Влияние МСК ОВ на АПК оценивали по изменению в экспрессии поверхностных маркеров. Для всех типов АПК в перечень анализируемых молекул были включены молекулы главного комплекса гистосовместимости II типа HLA-DR, костимуляторные молекулы CD80 и CD86, так как уровень их экспрессии в наибольшей степени характеризует потенциальную способность клеток к презентации антигена. У ДК также анализировали маркер толерогенности CD85k и коингибиторные молекулы CD273 и СD274. Дифференцировку моноцитов оценивали по синтезу молекул, характерных для М1 провоспалительных (CD68, СD80, СВ86, CD274) и М2 противовоспалительных макрофагов (CD16, CD64, CD206, CD273). Показано, что при контактном сокультивировании МСК ОВ подавляют у В-клеток экспрессию молекул HLA-DR по отношению к контрольным культурам (р=0,001) и СD86 (p=0,03) и не оказывают влияния на СD86. МСК ОВ индуцируют противовоспалительный, толерогенный иммунофенотип макрофагов (CD16loCD64loCD80+CD86loHLA-DRloCD273+CD284hi) при контактном сокультивировании, сходный с таковым при М2-поляризации моноцитов.

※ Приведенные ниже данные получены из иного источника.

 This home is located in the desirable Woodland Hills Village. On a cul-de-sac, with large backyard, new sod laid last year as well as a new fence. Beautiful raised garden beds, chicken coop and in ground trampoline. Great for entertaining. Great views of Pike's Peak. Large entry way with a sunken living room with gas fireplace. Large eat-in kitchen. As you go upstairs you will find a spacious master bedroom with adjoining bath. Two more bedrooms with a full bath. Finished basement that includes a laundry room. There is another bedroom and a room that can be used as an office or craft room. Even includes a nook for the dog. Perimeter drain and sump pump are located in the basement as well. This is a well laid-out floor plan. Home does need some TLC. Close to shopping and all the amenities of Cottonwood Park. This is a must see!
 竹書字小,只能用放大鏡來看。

При контактном сокультивировании с МСК ОВ у незрелых ДК формируется толерогенный, противовоспалительный иммунофенотип CD86loCD80+HLA-DRloCD273hiCD85khi.

Таким образом, можно сделать вывод о схожем влиянии МСК ОВ на антиген-представляющие клетки как миелоидного, так и лимфоидного происхождения (В-клетки, макрофаги, моноцитарные дендритные клетки), что проявляется в снижении (но не полном подавлении) экспрессии маркера иммуногенной активации HLA-DR и костимуляторной молекулы CD86 при одновременном увеличении в популяции числа клеток, экспрессирующих костимуляторную молекулу CD80. Анализ экспрессии СD80, CD86 и HLA-DR отобран для включения в комплексный метод оценки иммуномодулирующей активности МСК как наиболее информативный в отношении функционального состояния клеток.

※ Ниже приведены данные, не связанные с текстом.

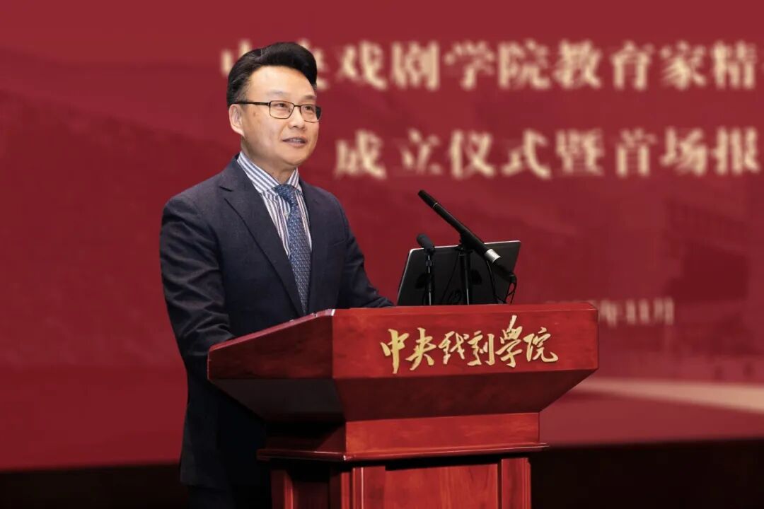 徐永胜在讲话中深入阐释了教育家精神的时代内涵,指出教师是立教之本、兴教之源,教育家精神是为党育人、为国育才的使命召唤,也是学院事业高质量发展的核心动力。作为新中国戏剧影视艺术教育的最高学府,中戏75年的办学历史中积淀形成的爱国为民、崇德尚艺、甘为人梯、精益求精的优良传统,正是教育家精神在戏剧影视艺术领域的生动体现。他强调,学院成立教育家精神宣讲团,不是简单的“树典型、讲故事”,而是要从历史与现实、理论与实践、个人和国家的关系当中,深刻理解教育家精神的时代价值。他希望宣讲团当好精神内涵的“深度阐释者”,结合学院深厚传统与鲜明特色,讲清楚教育家精神的核心要义与中戏实践;当好红色基因与艺术传统的“忠诚传承者”,讲好老一辈教育家的感人故事;当好育人楷模与师德典范的“生动讲述者”,让教育家精神可触可感;当好学院文化建设与事业发展的“积极推动者”,引导全体教职员工将精神力量转化为实际行动。全体教师要自觉以教育家精神为引领,积极进取、锐意改革,不断开创学院事业发展新局面,共同为培养杰出戏剧影视艺术人才、繁荣社会主义文艺事业贡献智慧和力量。

На основании полученных результатов предложен следующий алгоритм оценки влияния иммуномодулирующего МСК из различных тканевых источников на клетки иммунной системы:

1. Контактное сокультивирование МСК и МПК/ДК в течение 3-х сут (в 3-х повторах):

проба № 1 - МПК + фитогемагглютинин, контроль для оценки пролиферации;

проба № 2 - МСК+МПК (соотношение 1:10) + фитогемагглютинин, оценка влияния МСК на пролиферацию;

проба № 3 - МПК, контроль для оценки фенотипа и цитотоксической активности;

проба № 4 - МСК+МПК (соотношение 1:10), оценка влияния МСК на фенотип и цитотоксическую активность;

проба № 5 - ДК, контроль для оценки фенотипа;

проба № 6 - МСК+ДК (соотношение 1:1), оценка влияния МСК на фенотип.

2. В пробах № 1 и № 2 оценить ФГА-стимулированную пролиферацию CD4+ Т-лимфоцитов общей фракции МПК. Оценка выполняется по интенсивности флюоресценции CFSE (или аналогичных красителей) методом проточной цитометрии, расчет индекса пролиферации с помощью программы MolFit (или аналогичной).

3. В пробах № 3 и № 4 оценить цитотоксическую активность общей фракции МПК в отношении клеток-мишеней. В качестве таковых рекомендовано использовать опухолевую линию Jurkat. Сокультивировать МПК и клетки-мишени в соотношении 5:1 в течение 2 ч, провести учет жизнеспособности по окраске интеркалирующими красителями Annexin V и To-Pro-3 (или аналоги) в популяции CD90+ клеток Jurkat.

4. В пробах № 3-6 оценить фенотип антигенпредставляющих клеток (В-клетки, макрофаги, дендритные клетки) по уровню экспрессии молекул CD80, CD86 и HLA-DR.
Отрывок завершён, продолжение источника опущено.